The pelvis of the Chelonia (Fig. 127), like the pectoral girdle, has been modified by its peculiar relations to the carapace and plastron. There is a large pubo-ischiatic vacuity, often divided in the middle by a cartilaginous septum, but broadly ossified in the land tortoises, as in the plesiosaurian Sthenarosaurus. As in the plesiosaurs, there is no separate pubic foramen or notch, rarely absent in reptiles.
The ilium, like that of the plesiosaurs, is elongate and is directed upward and backward to the firm sacrum. The pubis is larger than the ischium and has a stout tuberosity which rests upon the plastron, or, in the Pleurodira, is coössified with it.
Usually in crawling reptiles (Figs. 114–118 a) there is no, or only a small, preacetabular process to the ilium, but always a postacetabular one. In upright-walking animals the preacetabular process is always well developed, sometimes at the entire expense of the postacetabular process. It is unusually long in the Anomodontia (Figs. 120 c, 119), Ceratopsia (Fig. 122 c, e), and Pterosauria (Fig. 118 d), where it is supported by the united or contiguous diapophyses of the lumbar vertebrae, false sacral vertebrae. The ilium is more or less helmet-shaped in the Saurischia (Fig. 122 a, b) as also in some Cotylosauria, Therapsida (Cynognathus), and Theromorpha (Casea)—all such forms have short toes; possibly it is due to the greater expansion of the gluteal muscles.
The evolution of the reptilian pelvis has been, as we have seen, from the primitive closed and plate-like type, by the progressive development of a vacuity between the ischia and pubes, by the elongation of the anterior process of the ilium, and by its closer union with additional true sacral or lumbar vertebrae.
- ↑ [According to Watson, the coracoid originally was a single piece which never became subdivided in the amphibians, cotylosaurs, or ordinary reptiles, the subdivision occurring only in the Theromorpha, Therapsida, and mammals.—Ed.]

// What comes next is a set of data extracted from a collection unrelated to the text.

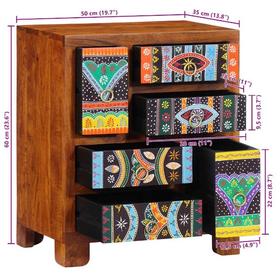 Dieses Sideboard bietet sowohl dekorativen Reiz als auch praktischen Stauraum und ist damit eine perfekte Ergänzung für dein Zuhause. Robust und stabil: Akazienholz ist für seine Festigkeit und Haltbarkeit bekannt. Seine vielfältige Farbe und seine einzigartige Maserung sorgen für eine attraktive Optik. Dank seiner ausgezeichneten Stabilität und Witterungsbeständigkeit eignet es sich ideal für die Herstellung von Innen- und Außenmöbeln.Reichlich Stauraum: Der Schrank bietet reichlich Stauraum, um Essgeschirr und andere Haushaltssachen ordentlich und griffbereit aufzubewahren.Lebendige Schönheit: Das handgemalte Design des Sidebaords mit einer Mischung aus leuchtenden Farben macht es zu einem auffälligen Akzent in jedem Raum und wertet deine Einrichtung mit einem einzigartigen künstlerischen Flair auf.Breiter Anwendungsbereich: Du kannst diesen Schrank als Badschrank oder Küchenschrank verwenden, oder einfach als eleganten Aufbewahrungsschrank im Schlafzimmer, Badezimmer, Eingangsbereich, Flur und Büro, Esszimmer und anderen Wohnbereichen. Gut zu wissen:Jedes Stück ist ein Unikat, das in Farbe und Maserung variiert. Die Lieferung erfolgt in zufälliger Reihenfolge, wodurch die Exklusivität und Individualität deines Produkts gewährleistet wird. Achtung:Um ein Umkippen zu vermeiden, sollte dieses Produkt mit der mitgelieferten Wandhalterung gesichert werden.
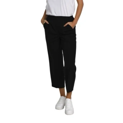 KAFFE Women's Trousers Cropped Length Elastic Waist Regular Fit Pockets Pants, Black Deep, 10
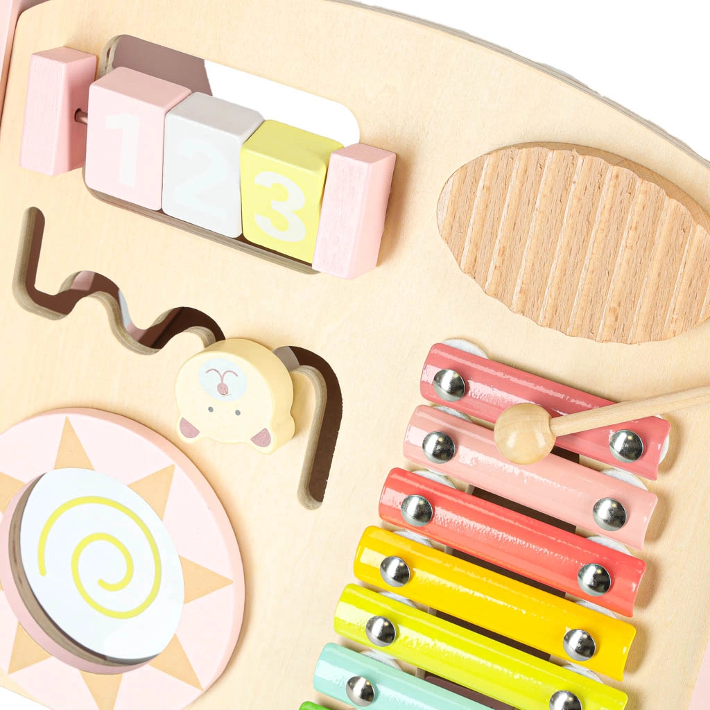 Ce chariot de marche en bois au style soigné, dans une teinte rose pastel, favorise l’équilibre, la coordination et l’assurance à la marche. Le panneau avant regorge d’activités : un boulier pour les premiers calculs, un xylophone pour explorer les sons, des roues dentées, un disque rotatif, un jeu d’encastrement et des éléments coulissants qui développent la motricité fine et la concentration.
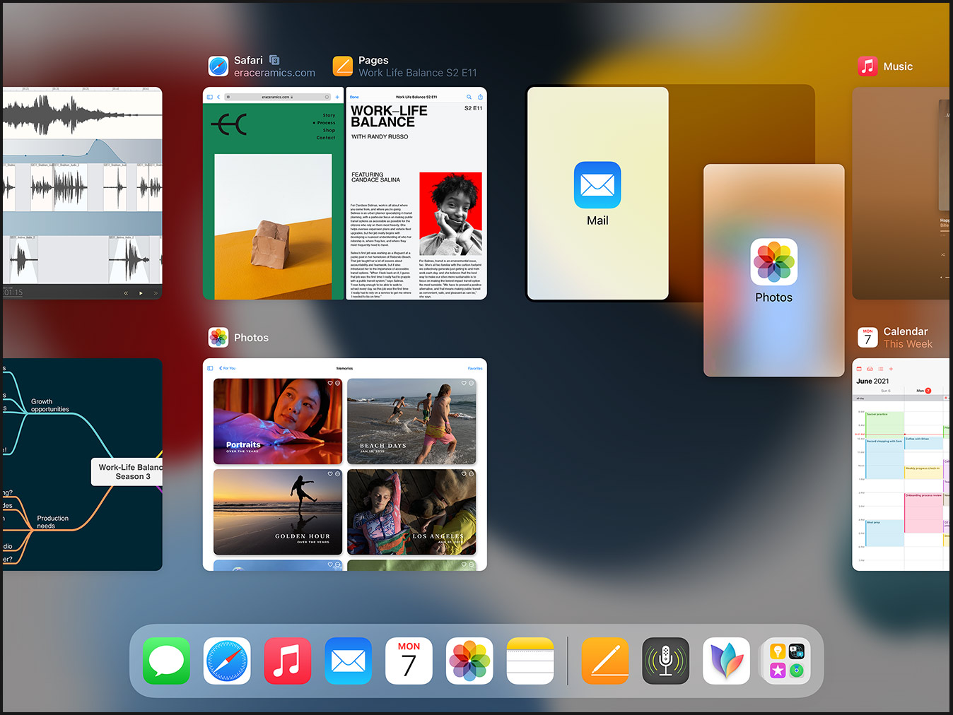 Наглядное переключение режима мультизадачности. Среди них появился режим центрированного попапа (например, для написания письма), а все окна одного приложения можно увидеть списком. Для двухколоночного вида можно создавать готовые комбинации.

- ↑ [For a different view of the fate of the two coracoids see Watson, 1917, Journ. Anat, vol. LII; Romer, 1922, Anat. Record, vol. XXIV, pp. 39–47.—Ed.]

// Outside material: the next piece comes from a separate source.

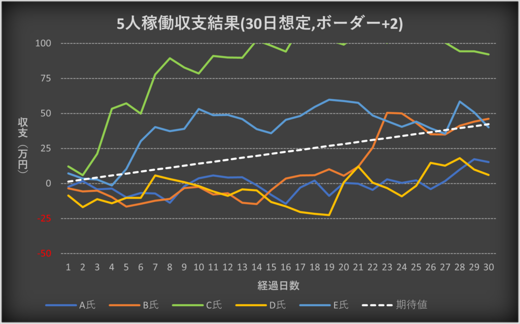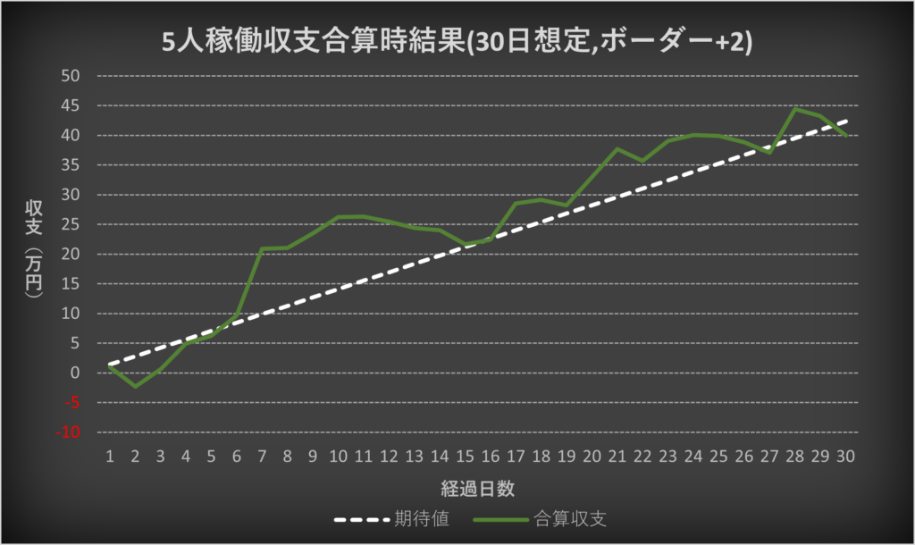 ※ボーダーラインに近づけば近づくほど期待値との差のパーセンテージが大きくなるのは期待値と収支が+-0に近づいていくことが要因となっているため、統計学的には健全な挙動を示しています。
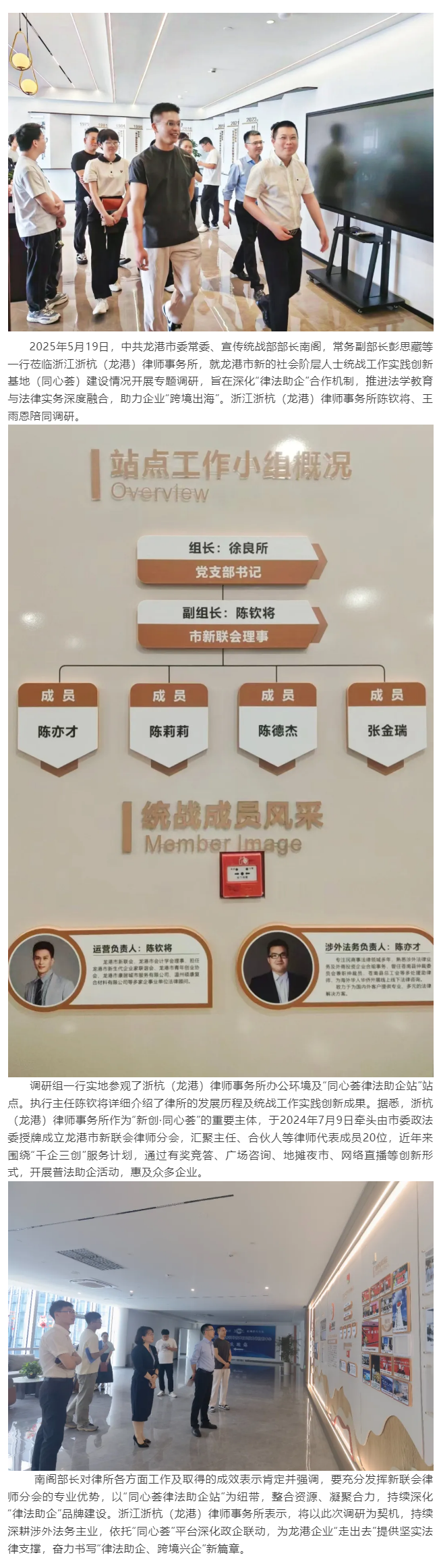 中共龙港市委常委、宣传统战部部长南阁一行调研浙杭(龙港)律师事务所——深化律法助企合作,助力跨境出海

- ↑ [The pubis of the Crocodilia gives attachment to a series of muscles which as a whole are homologous with those that are attached to the true pubis in Sphenodon and lizards (Gregory and Camp, Bulletin, Amer. Mus. Nat. Hist., 1918; Romer, ibid., 1923, p. 606). If the true pubis of Crocodilia has become vestigial and the prepubis has become the functional pubis, how did the prepubis capture the system of muscle attachments of its predecessor?—Ed.]